(Source records)
- - -

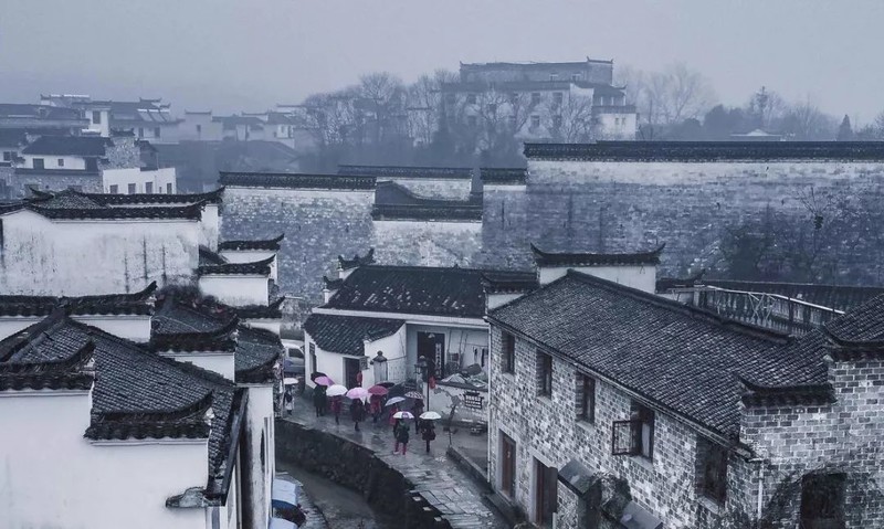 典型的徽式建筑,层层叠叠,迂回婉转,回环往复的巷子,规模不一的祠堂,吸引了大批游客汇聚至此。
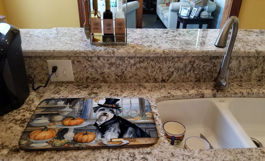 Schnauzer Fall Kitchen Pumpkins Dish Drying Mat
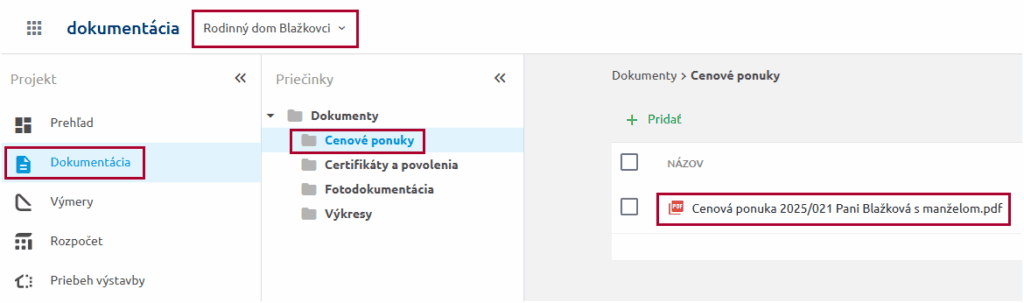 - Uložiť do sekcie Dokumentácia aktuálneho projektu vo formáte PDF/Excel a mať ju kedykoľvek k dispozícii.
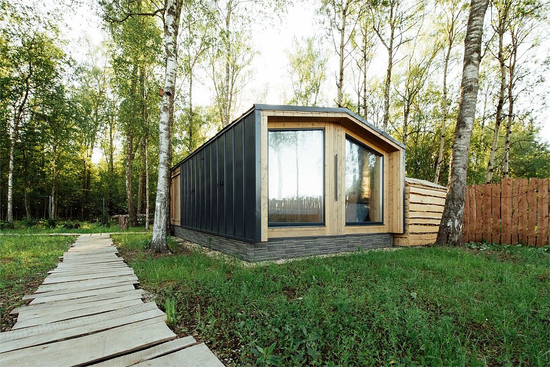Вместимость — один–два человека. Размер дома — пятнадцать квадратных метров. Открытая терраса с видом на лес — пятнадцать квадратных метров.
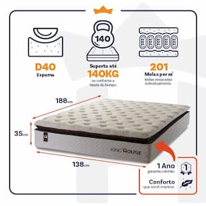 Feito com os mais nobres materiais em sua composição, ele conta com espuma D40 e molas ensacadas. Por ser mais macio, o colchão de molas ensacadas individualmente traz benefícios e ajuda no alinhamento da coluna. O colchão King Size House acomoda melhor o contorno do corpo, dispondo de forma correta quadris e ombros, expulsando as dores e problemas de coluna.

- - -

• Required work:
What you write out is the stretch of entries from the line containing "Schnauzer Fall Kitchen" to the line containing "Вместимость — один–два", word for word, with both end lines and no pictures.

• Reply to the exercise:
 Schnauzer Fall Kitchen Pumpkins Dish Drying Mat
 - Uložiť do sekcie Dokumentácia aktuálneho projektu vo formáte PDF/Excel a mať ju kedykoľvek k dispozícii.
Вместимость — один–два человека. Размер дома — пятнадцать квадратных метров. Открытая терраса с видом на лес — пятнадцать квадратных метров.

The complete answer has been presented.